What we mean when we talk about inclusion

We live in the golden age of diversity and inclusion, yet so many still feel so excluded. How did we arrive in this place, and where do we go now?

These have been interesting times for the diversity debates. Last week James Damore—the former Google engineer who mapped a path to infamy via a memo to his bosses about their diversity policies, and the nature of women folks’ brains—filed a class-action suit against Google.

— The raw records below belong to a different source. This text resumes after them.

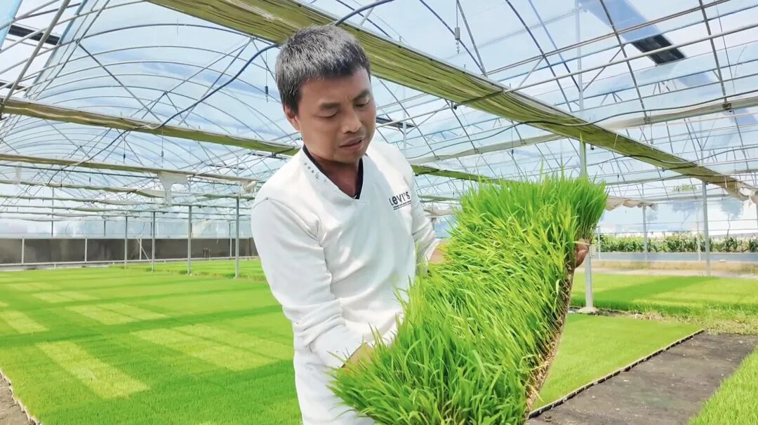 “合作社正在为村民代育太子稻的秧苗,一天能育秧8000多盘,供不应求,所有的机器都在运转,可忙了。”育苗大棚内,孝昌县光辉种植合作社理事长夏朝晖一边查看太子稻秧苗长势,一边告诉笔者。
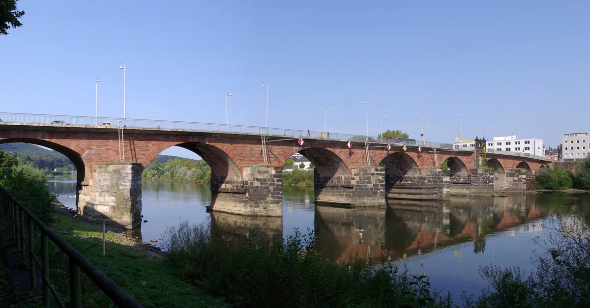 Spanning the Moselle River, the Roman bridge (German: Römerbrücke) in Trier is Germany's oldest standing bridge. It was built in 144 CE from black basalt from the Eifel mountains but its superstructure, now made of stone, was once made of wood so that the bridge could be set on fire in times of war.
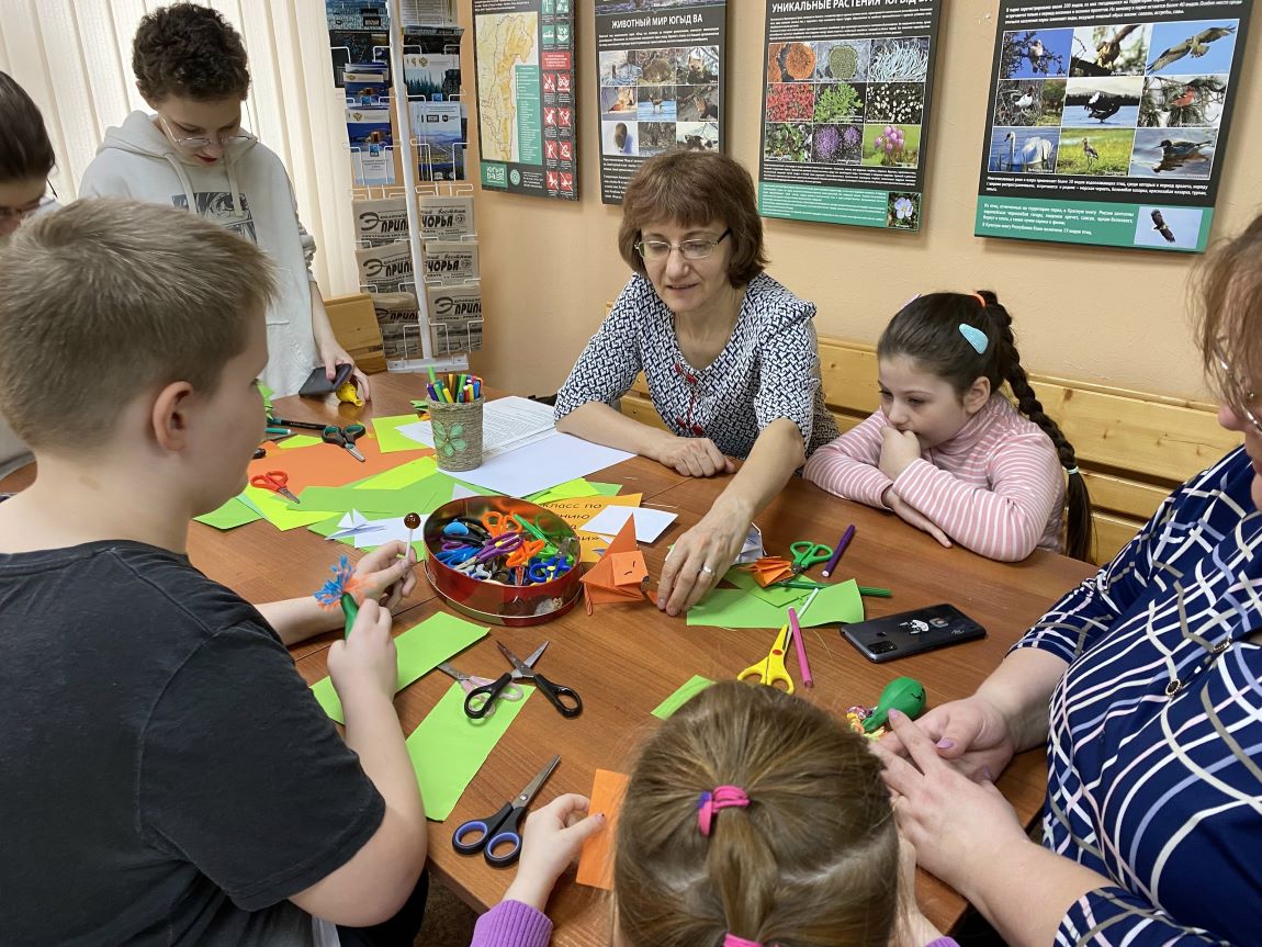 В фойе гостей уже ждали две площадки с мастер-классами подготовленные нашими партнерами. Всем желающим предлагали смастерить экологическую игрушку «Травянчик» и красочные подделки в виде животных из бросового материала и в технике «оригами».
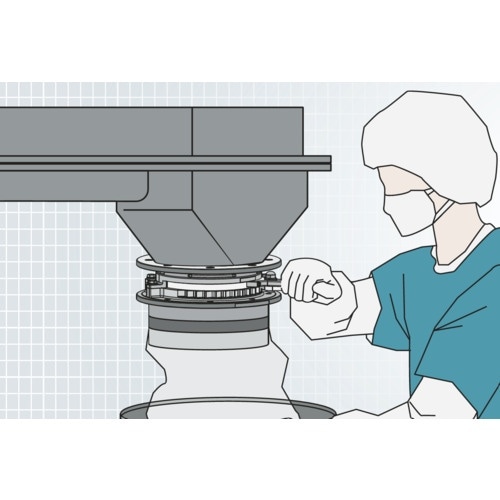 シンプルな操作性スリーブ弁の外側に張られたロープをハンドル操作で絞る、または緩めることでスリーブ弁の開口幅を調整し、排出流量を調整することが可能です。 |
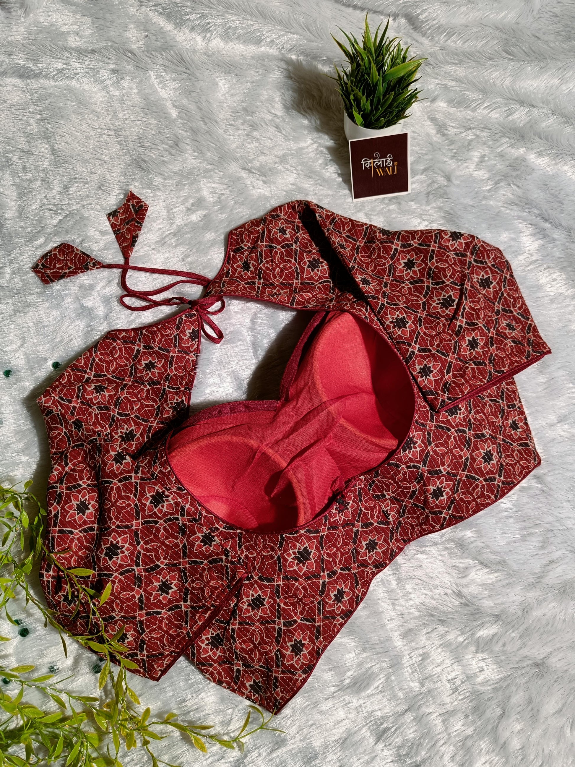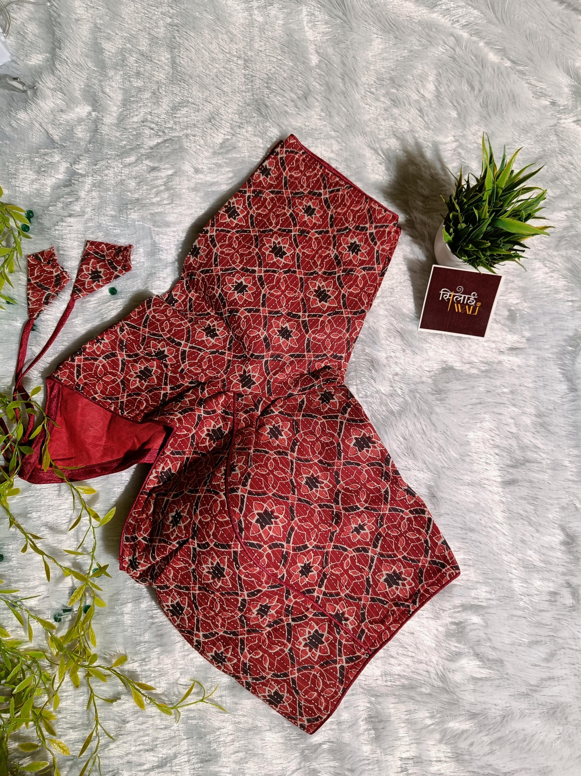 Ignite your wardrobe with the Maya blouse, a masterpiece in deep crimson and charcoal. The fabric is adorned with a repetitive star-and-circle motif that captures the essence of midnight sky artistry. Its rich color palette makes it a versatile choice for weddings and celebratory events. Finished with delicate piping and a bold back-open design, it balances traditional charm with bold femininity.
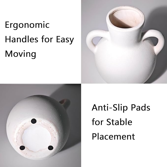 - Non-Slip Bottom Neutral Vase: The vases is 7.3 inches tall and 6.5 inches wide With a 2.8-inch diameter at the mouth. The bottom of the vase is equipped with a non-slip pad, which prevents the flower vase from scratching the table or floor during movement,Featuring a waterproof interior, ceramic vase can hold water for fresh flowers or display faux, pampas grass and dried plant.
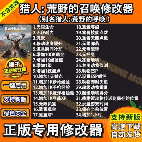 《猎人荒野的召唤修改器》是一款让玩家体验猎人生存与冒险的游戏,玩家可以通过修改器自定义游戏内容,增强游戏体验。通过修改器,玩家可以调整游戏难度、增加道具、改变游戏环境等,让游戏更具挑战性和趣味性。这款修改器为玩家提供了更多可能性,让他们可以根据自己的喜好和游戏风格来调整游戏,创造出属于自己的游戏世界。
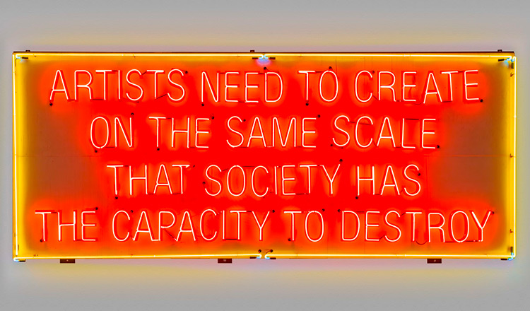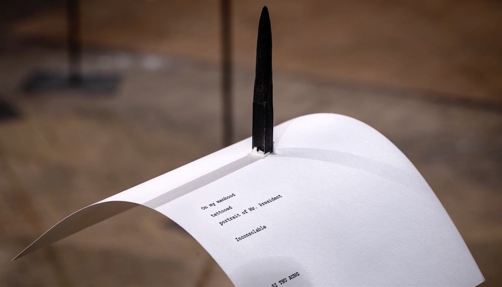 В случае с постправдой важнейшей темой является пограничная зона встречи разных истин и воль. Темам границы (этнической, политической, социальной) посвящены многие работы. Одна из лучших – саунд-арт-инсталляция индийской художницы Шилпы Гупты For, in your tongue, I cannot fit. Слова взяты из стихотворения азербайджанского поэта XIV века Имададдина Насими. В тёмном зале висят сто микрофонов. Под ними – пюпитры с обрывками фраз на разных языках, от хинди и египетского до русского. Звук в каждом из микрофонов попеременно передаётся резонансной волной в остальные. И так сто раз. Сто стихов репрессированных за свои политические взгляды поэтов от VII века до современности наполняют пространство зала, неизбежно подключая слух и чувства посетителя. Стократно усиленный звуковой пейзаж мощно втягивает в своё поле.

It claimed that he and other class members were “ostracized, belittled, and punished for their heterodox political views, and for the added sin of their birth circumstances of being Caucasians and/or males.” Just a few weeks earlier, a U.S. Congressman, Steve King, had provoked a huge outcry with an inflammatory tweet in support of Hungary’s anti-refugee PM decrying the “multicultural Left” and declaring, “Diversity is not our strength.” The tweet won thousands of Twitter likes.

This comes on the heels of other fights that have coalesced inside and outside the courtroom. A 2014 suit alleging that Harvard University’s affirmative-action policies discriminated against a group of Asian-American students sparked an investigation into the school’s admissions practices by a diversity-skeptical U.S. Department of Justice. Meanwhile, across the pond, a well-respected historian, Mary Beard, found herself embroiled in a bun fight over inclusion, thanks to her suggestion that the Roman Empire was more racially diverse than we may realize. The comment, made in an online debate about a black character in a BBC cartoon about Ancient Rome, sparked fierce criticisms (and then much worse—see: woman and Internet) that Beard was presenting a sanitized, revisionist picture of the times to better suit modern sensitivities. A historian at Cambridge University, Beard was suddenly just another academic with a progressive, “politically correct” diversity agenda rewriting the historical record with feel-good fictions.